Google’s Search Liaison, Danny Sullivan, says the helpful content ranking signal may get stronger with future algorithm updates.
The helpful content update started rolling out two weeks ago. Early feedback from SEOs and publishers suggests that the new ranking signal doesn’t significantly impact search results.
Sullivan addressed the feedback last week, emphasizing the helpful content update is a big one, despite anecdotal evidence suggesting otherwise.
As the update is a continuing effort, its impact will become more apparent over time, unlike past updates, such as Panda and Penguin, which immediately produced significant changes in search results.
To that end, we now know when the helpful content update could become more noticeable.
This week, Sullivan responded to feedback again, revealing that the helpful content signal might get stronger when other algorithm updates roll out.
“Maybe the helpful content signal alone wasn’t enough to tip the scales and produce a change in someone’s particular situation, but when we do other updates (core, product reviews), it might add into that and be more significant….”
The above quote is taken from a longer Twitter thread where Sullivan repeats many of the same talking points as last week.
Again, Sullivan says the impact of the helpful content update is in line with what he expected:
“Noticeable doesn’t mean every site sees a change and, why would that happen? Are the majority of sites unhelpful?”
He makes an interesting point in the above quote, as it would be concerning if a significant number of sites dropped in rankings. That would suggest Google was previously elevating many sites that publish unhelpful content.
It’s good to know Google already had a high bar for content quality in search results, considering the helpful content update didn’t tank rankings for many sites.

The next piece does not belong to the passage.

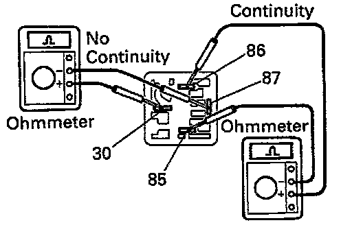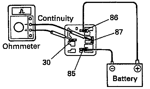 - Using an ohmmeter, check that there is continuity between terminals 87 and 30.

One last highlight to pull from Sullivan’s tweet thread — if Google missed some unhelpful sites during the first wave of the rollout, it doesn’t mean Google won’t catch them eventually.
Here’s the quote (emphasis mine):
“If you went through this initial release and had no change then 1) congrats, lots of content is helpful and that’s probably you or 2) if you do have unhelpful content, you shouldn’t think that we won’t figure that out and consider changing what you’re doing….”
That said, it’s too early to tell if the helpful content update isn’t as big as other Google algorithm changes.
It’s an ongoing effort, as Google likes to say. Give it a few months to a year, and differences may be more noticeable when comparing SERPs before and after the helpful content update.